Lord and Paice informed a still teary-eyed Coverdale that they'd already decided to end Deep Purple. Hughes had actually provided the final nudge that night onstage.

"At one point during the show, Glenn said to the audience, 'I'm sorry we're not playing very well, but we're very tired and jet-lagged.' And I remember spluttering to myself, 'Speak for yourself,'" Lord says in Gettin’ Tighter: The Story of Mk IV. "I was working like a Trojan to try to make this work, Paicey was playing like a madman just to keep it all together. Coverdale was singing his socks off. So, to hear this guy who was extremely high on various substances telling the audience, 'I'm sorry, we aren't playing well' kind of rankled me a bit."
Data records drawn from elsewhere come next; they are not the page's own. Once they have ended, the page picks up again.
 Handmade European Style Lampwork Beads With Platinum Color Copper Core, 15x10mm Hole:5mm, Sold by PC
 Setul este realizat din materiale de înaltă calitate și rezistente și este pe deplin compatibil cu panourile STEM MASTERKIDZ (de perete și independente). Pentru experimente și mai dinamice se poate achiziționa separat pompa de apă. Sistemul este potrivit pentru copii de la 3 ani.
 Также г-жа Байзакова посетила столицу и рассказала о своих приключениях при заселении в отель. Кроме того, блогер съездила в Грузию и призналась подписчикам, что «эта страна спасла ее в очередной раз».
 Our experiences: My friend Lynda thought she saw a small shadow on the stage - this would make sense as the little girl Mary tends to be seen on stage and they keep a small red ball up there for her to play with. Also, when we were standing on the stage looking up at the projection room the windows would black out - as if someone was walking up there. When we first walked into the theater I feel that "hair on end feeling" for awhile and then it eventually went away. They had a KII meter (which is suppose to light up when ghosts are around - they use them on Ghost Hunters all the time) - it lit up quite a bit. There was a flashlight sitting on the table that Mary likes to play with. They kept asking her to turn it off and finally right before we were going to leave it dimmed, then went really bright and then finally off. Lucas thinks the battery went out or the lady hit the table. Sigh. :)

Afterward, Lord and Paice had an emotional discussion. "I said, 'Ian, that's it, isn't it? That's absolutely the end of this band as far as I'm concerned. Why are we doing this to ourselves?'" Lord added. "So, he and I shook hands and said, 'It's over. Thank God.' About 10 minutes later, Coverdale came in, big blustery guy that he is, and he said, 'I'm leaving the band!' And we said, 'David, there's no band to leave.'"

Coverdale ultimately felt that there had been too many compromises in Deep Purple, too many times where they allowed their fates to be dictated by outside forces – or by simple lethargy. He vowed to do things differently moving forward, and he followed through: Coverdale's next band, Whitesnake, would become an ever-evolving amalgam featuring a seemingly countless number of musical collaborators.
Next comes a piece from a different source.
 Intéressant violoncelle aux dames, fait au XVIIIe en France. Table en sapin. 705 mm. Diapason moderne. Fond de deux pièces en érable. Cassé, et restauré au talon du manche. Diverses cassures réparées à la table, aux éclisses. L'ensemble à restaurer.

Hughes was the last to find out that Deep Purple were finished. "So, I'd flown over to England for Ian Paice's wedding, and Glenn was going, 'Oh, Dave, I've got all of these great ideas; we've got to use our voices more,' and all this – and I go, 'Glenn, hasn't anybody told you? I'm out,'" Coverdale said in Sail Away: Whitesnake's Fantastic Voyage.

"And he was utterly shocked," Coverdale added, "and I was, like, 'We blew it. It could have been incredible, but we blew it.' Which is one of the reasons now, if I feel that kind of negative energy creeping into any scenario – even private ones, let alone professionally – I change it. If I can't see the light, I change it." They agreed to wait to make an official announcement, and the news wasn't confirmed until July 1976. Even then, however, Coverdale still hadn't made much progress in mapping out his next move. "I was frightened to leave the band," he later admitted. "Purple was my life. Purple gave me my break, but all the same I wanted out."

Coverdale finally entered the studio in August to begin work on what would become his solo debut, 1977's unsurprisingly rather tentative White Snake. "It's very difficult to think back and talk sensibly about the first album," Coverdale said in Sail Away. "White Snake had been a very inward-looking, reflective and low-key affair in many ways, written and recorded as it was in the aftermath of the collapse of Deep Purple."

By the time the LP arrived on store shelves, Bolin had overdosed and died. White Snake sunk like a rock, but the name stuck. Lord and then Paice joined early versions of Coverdale's new group, building a sturdy bridge to his second, far more celebrated chapter.